最近、プロセッサ(パソコンのCPUなど)の進化の様子がどんどん変化していて面白い。

従来は、ムーアの法則といって、2年だか1年半だかでICチップの集積度(面積あたりのトランジスタ数)が2倍になるという、法則というかロードマップのようなものに乗って、プロセッサもどんどん大規模になっていった。この法則自体はもうしばらく続いていくようだけれども、これまではただ集積度が上がって大規模になるだけではなくて、高速になる(クロック周波数が上がる)、同じ機能ならチップ面積が小さくなってコストも下がるし消費電力も小さくなるなど、とにかくいいことばかりだった。生産技術的には難しくなっても、見返りはそれ以上に大きかった。

ムーアの法則に乗り続けてきた約30年間は、必ずしも平坦な道のりではなかった。たとえばプロセスルールが1ミクロンを切るときなどに、このあたりが微細化の限界なんじゃないかと言われていた。けれども当時は、これ以上の微細化は技術的に難しすぎて、ムーアの法則から外れるんじゃないかという懸念だった。結局世界の半導体業界はなんとか新技術を開発して、そうした危機を乗り切ってムーアの法則を守り通してきた。ところが最近は、これまで気にならなかった微細化のデメリットが目立つようになってきた。

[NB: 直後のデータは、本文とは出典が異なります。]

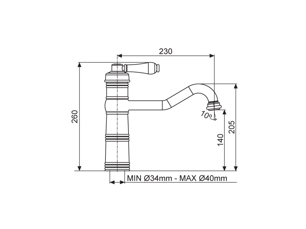 Drezová retro batéria Sinks RETRO Casanova Bronz so zárukou 5 rokov na keramickú kartuši. Ramienko je otočné a batéria je dodávaná so všetkým príslušenstvom pre montáž. Výška batérie 260 mm.

現在の量産レベルで最先端にあたる90ナノメートルのプロセスルールあたりから、微細化にともなうメリットがどんどん無くなってきているらしい。たとえば、微細化してもゲートあたりの消費電力が下がらないとか、発熱密度が上がりすぎて冷却できないとか、マスクコストが高くなりすぎて相当な生産量が出ないとコストが下がらないとか、トランジスタの動作可能な周波数は上がっているのに配線遅延の影響が大きくなりすぎて同期の取れる範囲が小さくなっているとか、他にも閾値電圧のばらつき、パッケージコスト、低速な外部配線など、たくさんの問題が噴出してきているらしい。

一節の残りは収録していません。